Theorem 1. Suppose that, as (n,m\to\infty), the variables (t_0,t_1,\ldots,t_s) ((s) fixed) satisfy the condition
[
\frac12 m(m-1)\mu_\alpha \to \lambda_\alpha<\infty,
\qquad
\alpha=1,\ldots,s.
\tag{1}
]
Then the quantities (\xi\alpha), (\alpha=1,\ldots,s), are asymptotically independent Poisson variables with parameters (\lambda_\alpha), (\alpha=1,\ldots,s)._
Theorem 2. If, in the assumptions of Theorem 1, condition (1) is replaced by the requirement
[
m^2\mu_1\to\infty,\qquad
\mu_s\to 0
\qquad
\left((n-2t_s)/\sqrt n\to\infty\right),
]
then the system of quantities
[
\eta_\alpha=
\frac{\xi_\alpha-\frac12 m(m-1)\mu_\alpha}
{\left(\frac12 m(m-1)\mu_\alpha\right)^{1/2}}
\tag{2}
]
is asymptotically normal with the identity covariance matrix.

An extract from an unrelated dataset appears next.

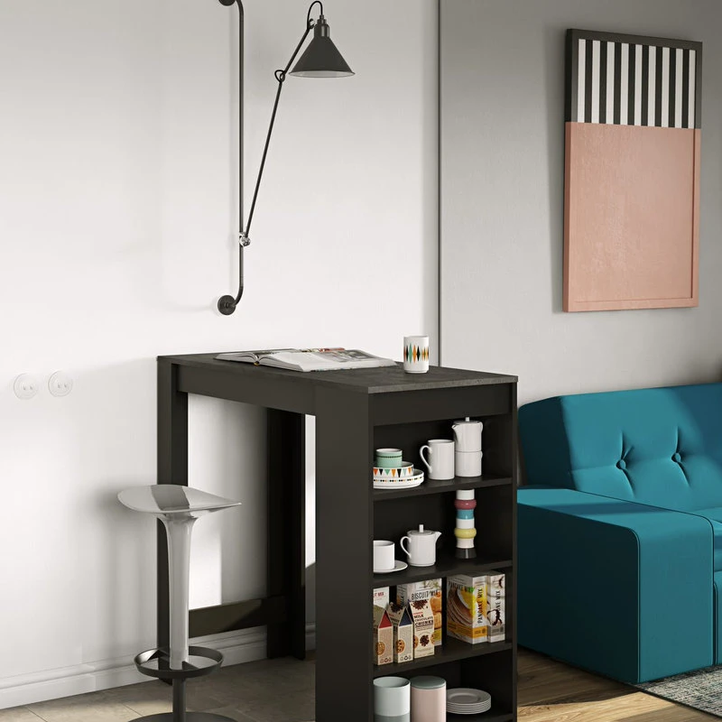 The Aravis contemporary dining bar table is extremely functional. Perfect for small spaces, this table features side storage shelving and can accommodate up to four bar stools.

The proof of both theorems is based on estimating the multidimensional moments of the quantities (\xi_\alpha) with subsequent application of generating functions in the case of Theorem 1 (cf. ((^1))) and of the second convergence theorem ((^2)) in the case of Theorem 2. Below the proof of Theorem 2 is given.
It will be useful for us, with each collection of random variables (x_{i_1j_1}(\alpha_1),\ldots,x_{i_rj_r}(\alpha_r)), where (i_\nu<j_\nu), but among the pairs ((i_\nu,j_\nu)) there may also be identical ones, to associate the graph (\Gamma(i_1,j_1;\ldots;i_r,j_r)) of (r) edges ((i_\nu,j_\nu)), connecting vertices with the corresponding numbers (so that, in this connection, ...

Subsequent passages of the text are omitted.